Good day to you all and I hope your Sunday is proceeding pleasantly. I finally got some paper strips cut yesterday so I can fold up a bunch of paper pots today. I also need to get a few of my seedlings and the cranberry and pineapple sage repotted. My hibiscus arrived Friday and, Oh, was I surprised to find a bare root plant. I thought I would get a potted seedling. I checked back on the web site and found I had totally missed the description of what would be sent. Thankfully I didn't miss the description of how hardy it is supposed to be--well above my growing zone. So another job today will be to get it into a pot. I hope it warms up to the point where I can do that outside.
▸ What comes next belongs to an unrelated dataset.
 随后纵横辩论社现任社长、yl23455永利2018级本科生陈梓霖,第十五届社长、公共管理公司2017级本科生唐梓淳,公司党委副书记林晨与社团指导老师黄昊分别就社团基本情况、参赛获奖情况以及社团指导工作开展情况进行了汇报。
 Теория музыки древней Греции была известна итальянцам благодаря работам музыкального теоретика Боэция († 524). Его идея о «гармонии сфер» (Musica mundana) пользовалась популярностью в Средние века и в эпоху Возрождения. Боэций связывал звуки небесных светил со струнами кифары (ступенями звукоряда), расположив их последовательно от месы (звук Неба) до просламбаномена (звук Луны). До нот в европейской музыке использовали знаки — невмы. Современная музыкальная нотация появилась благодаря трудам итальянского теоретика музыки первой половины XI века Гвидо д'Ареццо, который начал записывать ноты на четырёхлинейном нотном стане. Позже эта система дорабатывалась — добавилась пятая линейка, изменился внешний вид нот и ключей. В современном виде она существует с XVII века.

I also got about 12 to 14 inches of the crochet chain stitched to the table scarf that has been sitting by my chair forever. The other one with the cross-stitching started has been keeping it company. I need to get to it also.
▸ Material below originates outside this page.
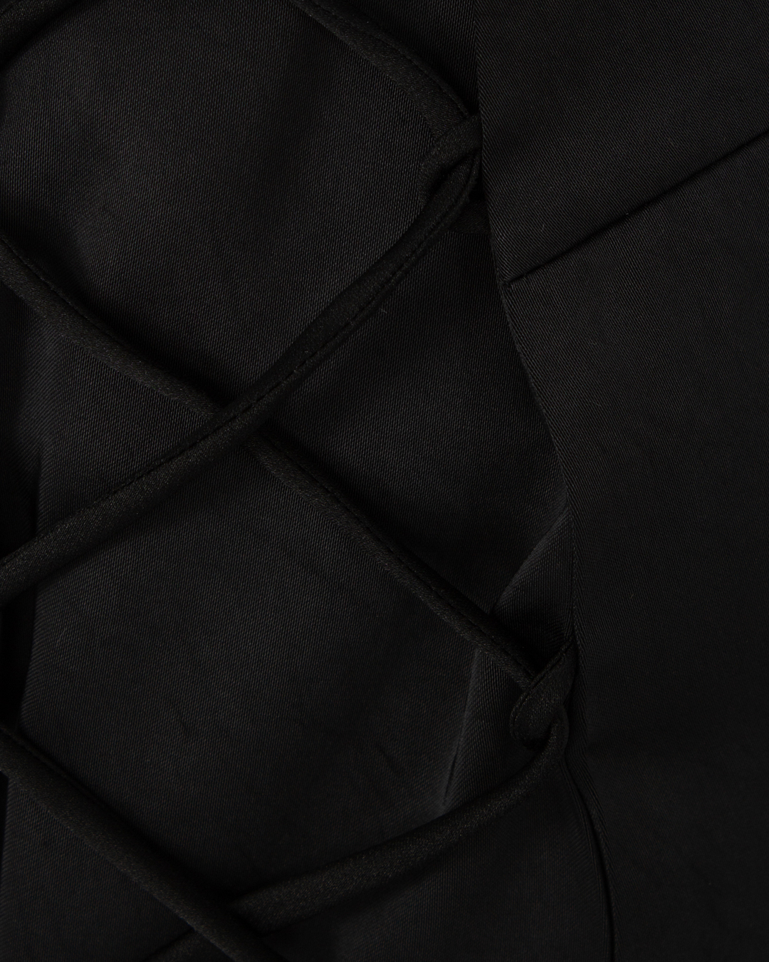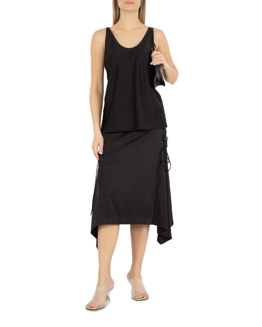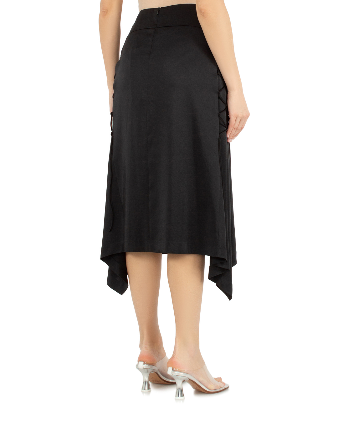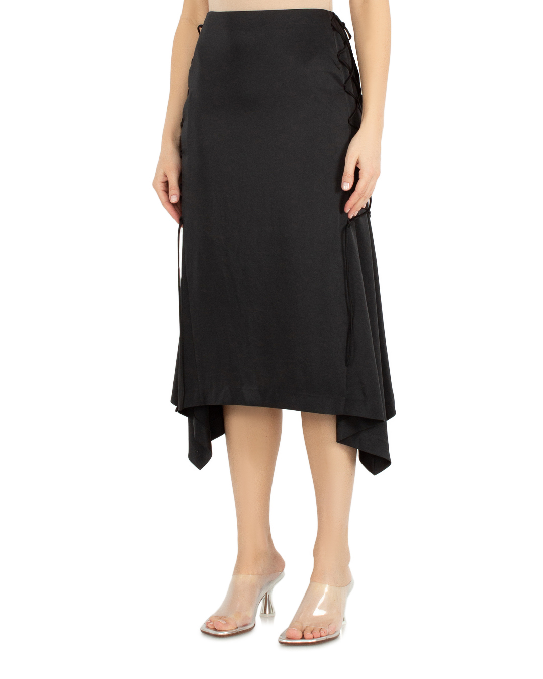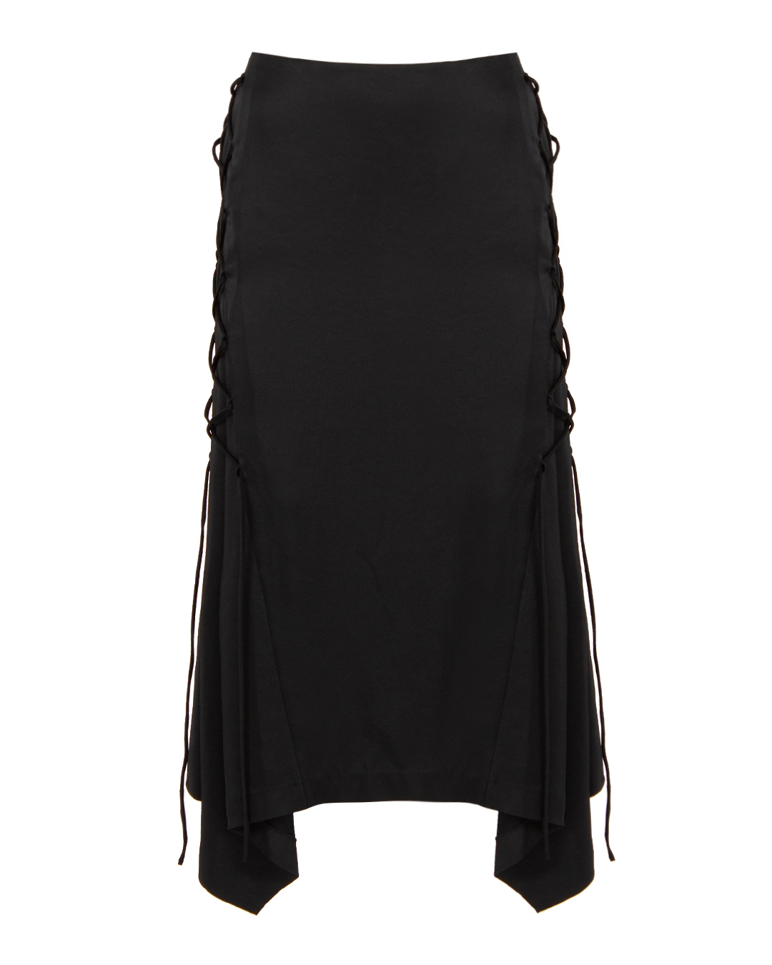 Юбка миди Juun.J из атласного материала черного цвета с корсетными завязками по бокам. Модель с высокой посадкой на талии и асимметричной линией низа.

I don't know how many of you read Riverbend's Baghdad Burning blog and wondered what happened to her and her family after they left Iraq for exile in Syria. Yesterday I made one of my rare excursions on Facebook and found a bit by Tom Englehardt which linked to her update to which I have linked above. I wondered after her last post from Syria when I read about the difficulty Iraqi refugees had finding housing and work in a country that didn't want them. I wondered again after the vicious civil war started in Syria. I never though our invasion of Iraq was wise or just, as most of you who have read my posts know.
Technology is always a double edged sword as this article demonstrates. Our technology is re-writing our definitions of privacy and we hardly even notice. And then there is this item. We have become so dependent on computers and no one really considers what might happen if that technology failed in some way. Our banks depend on computers. Our information systems depend on computers. Our refineries depend on computers. Our electrical generation systems depend on computers. How much else? How much would our lives change if our computers didn't function?
The fall out from the Cyprus mess gets murkier. It is bad enough when banks operate (and often mis-behave) across state lines but it gets really messy when it is across national boundaries. Isn't globalization wonderful? And, yes, I am being sarcastic.